All of the data goes into your copy exactly as written. Images do not.

# Information shown

== == ==

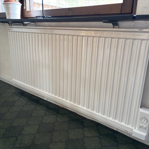 Vit panelradiator med termostatventil och anslutningar i sidan. Säljes avmonterad från hus, mått kan mätas vid intresse.
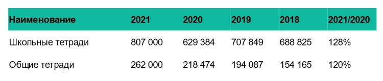 9 месяцев этого года стали рекордными с точки зрения производства школьных и общих тетрадей за последние несколько лет: рост 28 и 20 % соответственно к 9 месяцам 2020 года, но если даже сравнивать с 2019-м, рост также значительный.
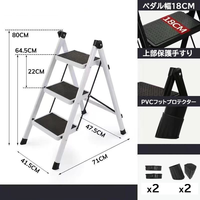 脚立 踏み台 アルミ 折りたたみ 3段 おしゃれ ステップ台 スツール キャタツ はしご 梯子 室内 屋外 ハシゴ コンパクト(ホワイト)551

== == ==

# Result of the task
 Vit panelradiator med termostatventil och anslutningar i sidan. Säljes avmonterad från hus, mått kan mätas vid intresse.
 9 месяцев этого года стали рекордными с точки зрения производства школьных и общих тетрадей за последние несколько лет: рост 28 и 20 % соответственно к 9 месяцам 2020 года, но если даже сравнивать с 2019-м, рост также значительный.
 脚立 踏み台 アルミ 折りたたみ 3段 おしゃれ ステップ台 スツール キャタツ はしご 梯子 室内 屋外 ハシゴ コンパクト(ホワイト)551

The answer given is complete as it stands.